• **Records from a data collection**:
+ + + + +

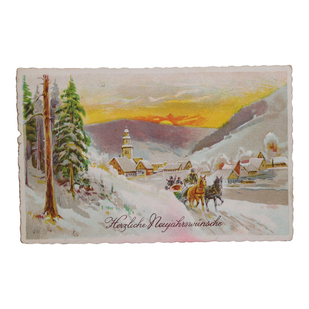 Pocztówka świąteczno-noworoczna Damnitz Damnica Leslau - unikalny przedmiot z historii
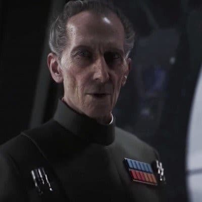 وفي الأسفل: لقطة من فيلم "روج ون: قصة من حرب النجوم Rogue One: A Star Wars Story" إنتاج شركة لوكاس فيلم، 2016.
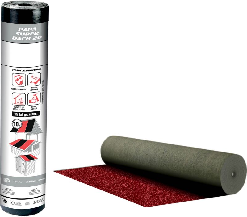 Strešná lepenka Superdach 20 10 m2 vám zabezpečí účinnú hydroizoláciu strechy. Na spoľahlivú ochranu strechy vašej budovy stačí naniesť len jednu vrstvu. Strešná lepenka je veľmi ľahká, takže ju jednoducho nainštalujete na šikmú drevenú strechu alebo z OSB dosiek. Na tento účel potrebujete len klince s podložkami a bitúmenovými lepidlami - nemusíte kupovať zváracie zariadenie. Strešná lepenka Superdach je vyrobená z bitúmenu, matrice z polyesterovej netkanej textílie vystuženej skleneným vláknom a prírodného vrchného náteru zafarbeného na červeno. Pri nízkych teplotách nestráca pružnosť, zachováva si aj svoje vlastnosti a netečie pri teplotách do 100 stupňov Celzia. Pozrite si našu ponuku strešných krytín.
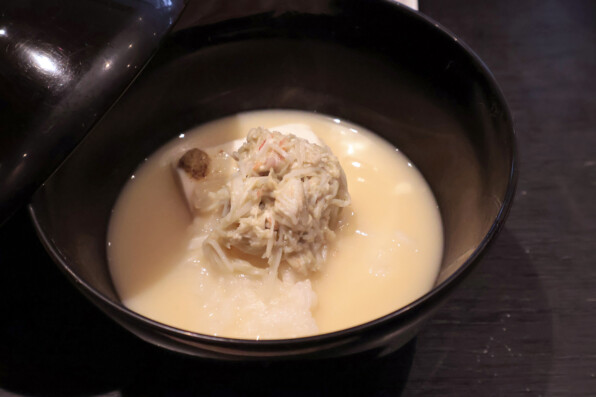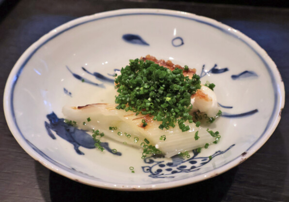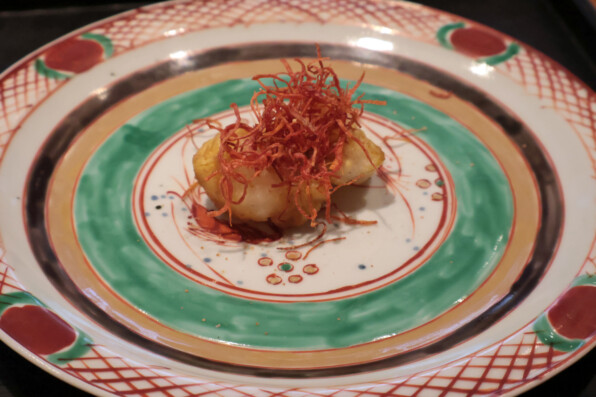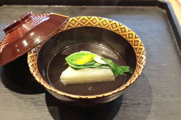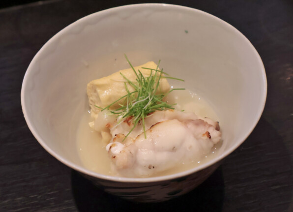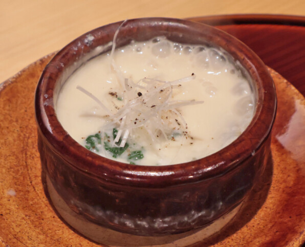 ●とらふぐと巻き湯葉、芽ねぎ。百合根のすり流し。
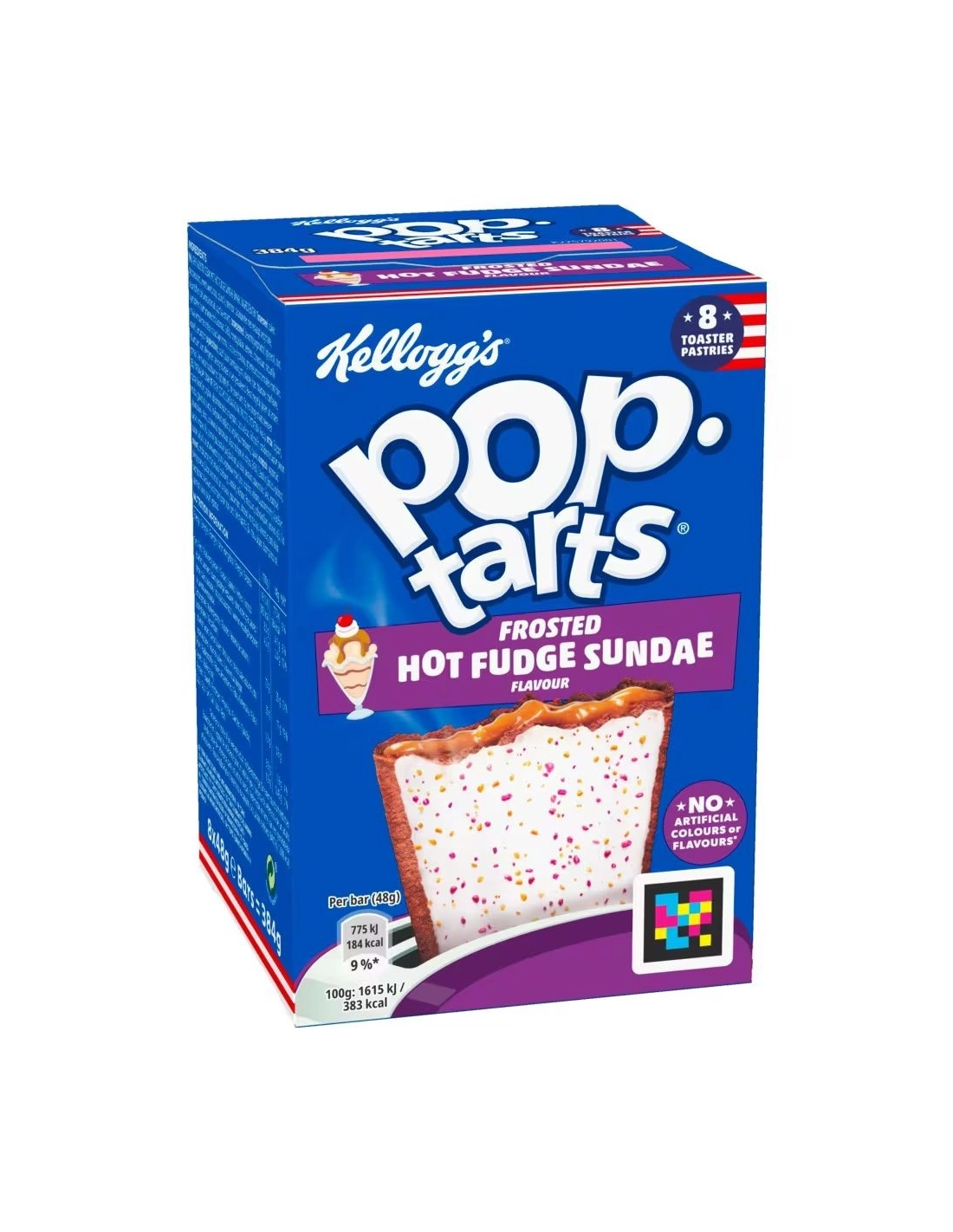 La tortina POP TARTS HOT FUDGE SUNDAE è una miscela di gusti di gelato, cioccolato, vaniglia e pepite dolci multicolori per una buona dose di indulgenza.
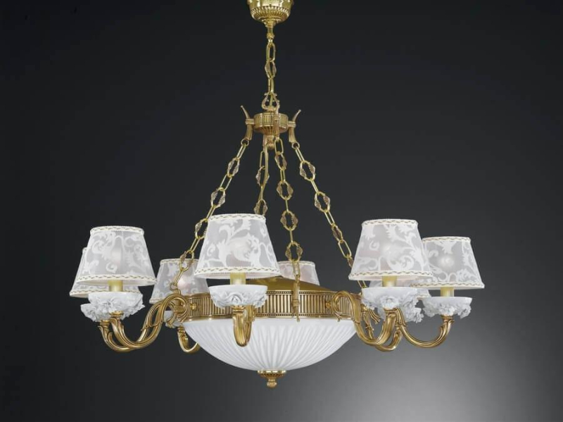 Перечислим технические характеристики подвесной люстры Reccagni Angelo L 9101/8+3. Тип цоколя — E14. Общая мощность лампы — 660 Ватт. Высота люстры — 720 мм. Степень защиты — IP20, что обеспечивает защиту от проникновения предметов размером более 12 мм и защиту от капель воды, падающих под углом более 15 градусов. Подвесная люстра Reccagni Angelo L 9101/8+3 — часть коллекции 9101. Плафон люстры имеет форму конуса и выполнен в белом цвете.
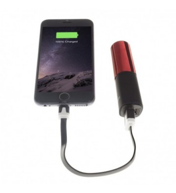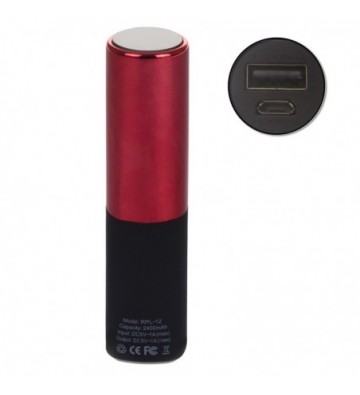 Powerbank con forma de lápiz de labiOS. Salida USB y batería de 2400mAh. Dispone de Luz LED de carga. Contiene cable USB-Micro USB de 21 cm. Capacidad de la batería: 2400mAh Micro-USB entrada: DC 5V-1A. USB salida: DC 5V-1A. PVC Aleación_de_Metal
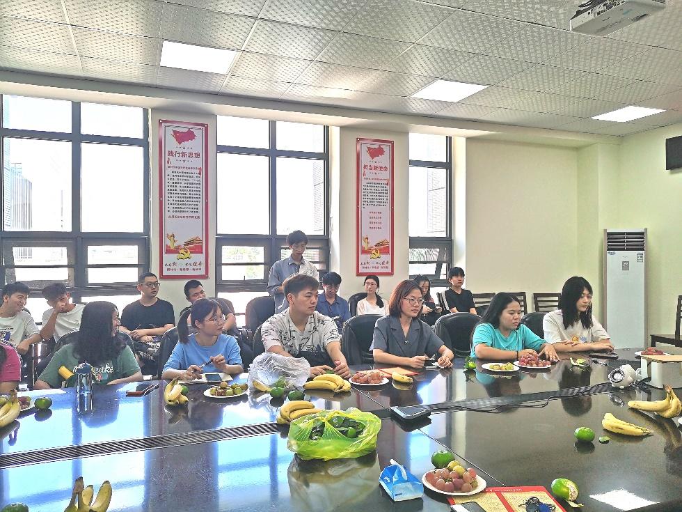 交流会现场,老师与同学们置身于弥漫着果香的会议室,在活跃的氛围下,此次会议取得了良好的效果。

+ + + + +

• **EXERCISE BRIEF**:
Restate it all word for word: every record, no pictures.

• **COMPLETED EXERCISE**:
 Pocztówka świąteczno-noworoczna Damnitz Damnica Leslau - unikalny przedmiot z historii
 وفي الأسفل: لقطة من فيلم "روج ون: قصة من حرب النجوم Rogue One: A Star Wars Story" إنتاج شركة لوكاس فيلم، 2016.
 Strešná lepenka Superdach 20 10 m2 vám zabezpečí účinnú hydroizoláciu strechy. Na spoľahlivú ochranu strechy vašej budovy stačí naniesť len jednu vrstvu. Strešná lepenka je veľmi ľahká, takže ju jednoducho nainštalujete na šikmú drevenú strechu alebo z OSB dosiek. Na tento účel potrebujete len klince s podložkami a bitúmenovými lepidlami - nemusíte kupovať zváracie zariadenie. Strešná lepenka Superdach je vyrobená z bitúmenu, matrice z polyesterovej netkanej textílie vystuženej skleneným vláknom a prírodného vrchného náteru zafarbeného na červeno. Pri nízkych teplotách nestráca pružnosť, zachováva si aj svoje vlastnosti a netečie pri teplotách do 100 stupňov Celzia. Pozrite si našu ponuku strešných krytín.
 ●とらふぐと巻き湯葉、芽ねぎ。百合根のすり流し。
 La tortina POP TARTS HOT FUDGE SUNDAE è una miscela di gusti di gelato, cioccolato, vaniglia e pepite dolci multicolori per una buona dose di indulgenza.
 Перечислим технические характеристики подвесной люстры Reccagni Angelo L 9101/8+3. Тип цоколя — E14. Общая мощность лампы — 660 Ватт. Высота люстры — 720 мм. Степень защиты — IP20, что обеспечивает защиту от проникновения предметов размером более 12 мм и защиту от капель воды, падающих под углом более 15 градусов. Подвесная люстра Reccagni Angelo L 9101/8+3 — часть коллекции 9101. Плафон люстры имеет форму конуса и выполнен в белом цвете.
 Powerbank con forma de lápiz de labiOS. Salida USB y batería de 2400mAh. Dispone de Luz LED de carga. Contiene cable USB-Micro USB de 21 cm. Capacidad de la batería: 2400mAh Micro-USB entrada: DC 5V-1A. USB salida: DC 5V-1A. PVC Aleación_de_Metal
 交流会现场,老师与同学们置身于弥漫着果香的会议室,在活跃的氛围下,此次会议取得了良好的效果。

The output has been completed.